Receipt of selection of
goods suppliers

Purchase
orders and
Follow Up
Important Terms:
 Bill of material: whenever a job or work order is taken in hand a complete schedule of such
materials, parts etc., along with their specifications is prepared by the planning department
and the drawing office, as would be required in completing that work. This schedule is
known as bill of materials. A copy of this bill is sent to store-keeper so that he may keep
those materials ready in stock for use in that work. The store-keeper submits the purchase
requisition on the basis of bill of materials received from different works, if he finds the
stock is short to meet the requirement. This bill is a sort of budget of materials which would
be required for completing the particular work and it, therefore contains the small as well as
highly significant items to be used therein.
 Bin-card: A bin card also known as Bin tag or stock card is a card showing quantitative
record of the receipts, issues and closing balances of the material kept in the corresponding
bin. The bin card is place in the bin or shelf or is hung over the almirah or the rack
otherwise known as Bin. Separate bin cards are prepared for each item of stores and if two
different materials are kept in one almirah, two bin cards, one for each are prepared, treating
the almirah as two bins.
 Books for recording of materials: The store accountant keeps the following books:
 Material inward book: This book is prepared by the store keeper on the basis of
goods received note. All materials which have been purchased and kept in store are
recorded in this book.
 Material issue book: This book is prepared on the basis of material requisition
form.

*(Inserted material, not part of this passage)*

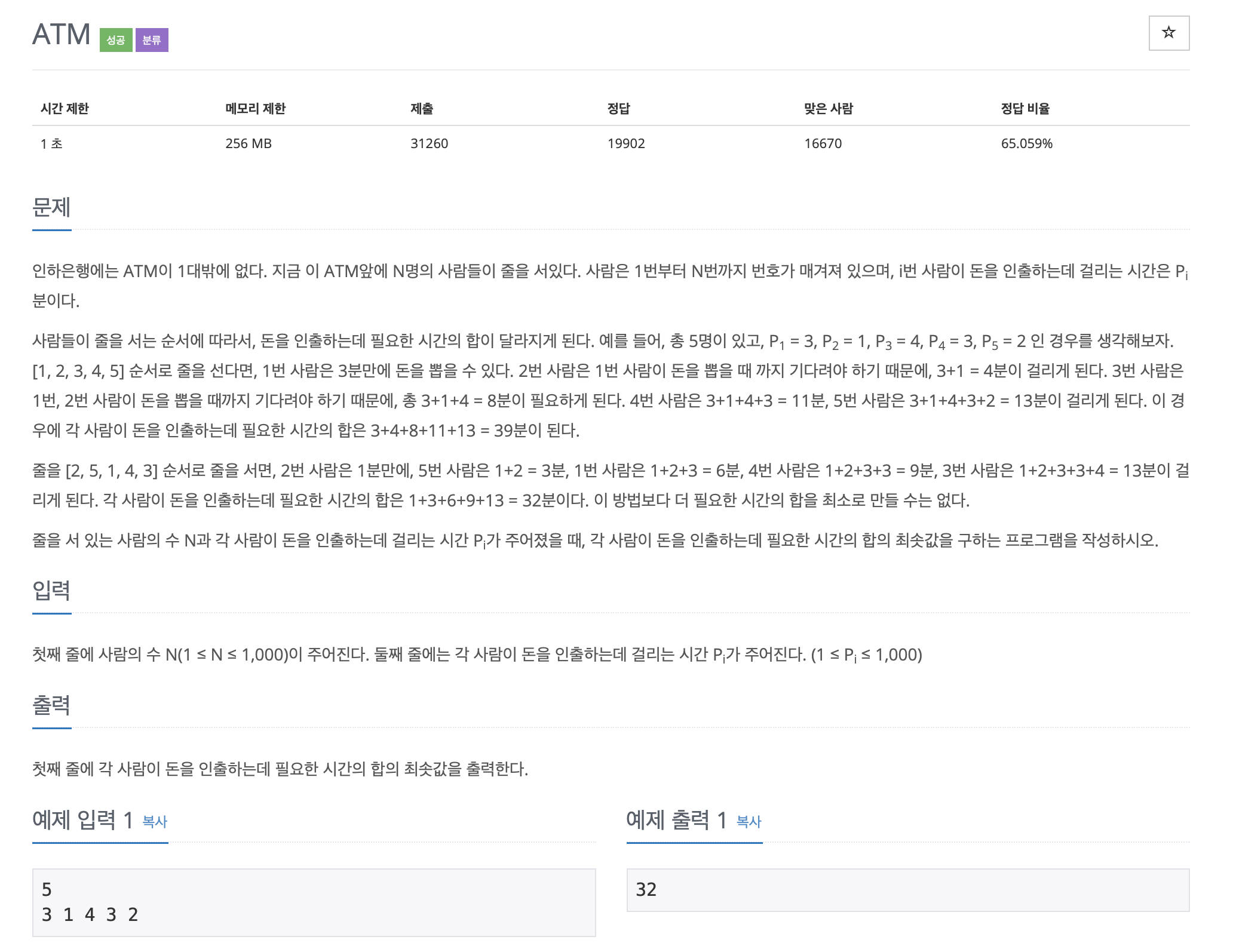 상식적으로 대기시간을 줄이려면 앞 사람이 일찍 끝내야 그만큼 대기시간을 줄일 수 있다. 그리고 각각의 사람이 돈을 인출할 때에는 다른 사람이 개입할 수 없으므로 그리디 알고리즘의 조건인 독립성과 전체 최적해가 부분 최적해를 만족함 둘 다 만족한다.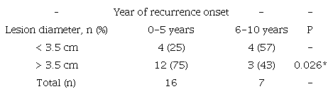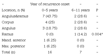 Recurrence occurred within 5 years after the first treatment in 69.5% (16/23) of patients. In seven cases (31.5%), recurrence occurred between 6 and 11 years after the first treatment. The mean recurrence time was 4.2 years (range 3-11 years). There is a higher incidence of recurrence in the mandible (22/23) as compared to the maxilla (1/23), among which 9 were in the angle and ramus region, 6 were in corpus region, 5 were in angle region, 1 was in anterior region and 1 was in ramus region. There was statically significant relation between location and year of recurrence onset (p=0.004; Table 2). One recurrence in 7 cases, two recurrence in 15 cases, and three recurrence in 1 case were recorded. The majority of lesions (15/23, 65%) were greater tan 3.5 cm (mean, 4.3 cm, range, 2.5-7 cm). There was statically significant relation between diameter of lesion and year of recurrence onset (p=0.026; Table 3). Among the first treatments, enucleation exhibited most high recurrence rate (18/23; 78%). Marsupialization with curettage, marsupialization with enucleation, and curettage had similar recurrence rates, with respective values of 0.9% (2/23), 0.4% (1/23), and 0.9% (2/23).

Those material which are issued from store for completion of any work order,
job or department are recorded in this book in such a manner so that the direct and
indirect material issued can be identified properly.
 Material return book: This book is prepared with the help of material return note.
When a department sends the unconsumed material back to store, then it is recorded
in this book.
 Material transfer book: This book is prepared on the basis of material transfer
note. When certain material is transferred from one department to another then
records are made in this book.
 Store ledger: It is a record of stores, both in quantity and value and is maintained by
the stores accountant. It is similar to bin card but with the main difference that value
of material is shown in the store ledger.
 Issue of materials: there are three important notes under this- requisition note, material
returned note and material transfer note.
 Requisition note: The store keeper issues the materials from the stores on the
receipt of a document known as store requisition. The store requisition is the
document authorising the store keeper to issue materials noted therein.
 Material returned note: On the completion of work, the material left unused are
returned to the store-keeper. A material Return note is prepared in triplicate by the
department returning the material. The material is sent to the store keeper along with
these three copies. The store keeper keeps a copy with him and returns two copies
after receiving the material and signing them. One of these two copies is sent by the
department to the stores accountant for accounting.
 Material transfer note: Transfer of material from one department to another is
generally not permitted except in exceptional circumstances to avoid loss of time
and labour. If a department has excess material and the other department is in need
of the same, the transfer can be allowed on the basis of material transfer note.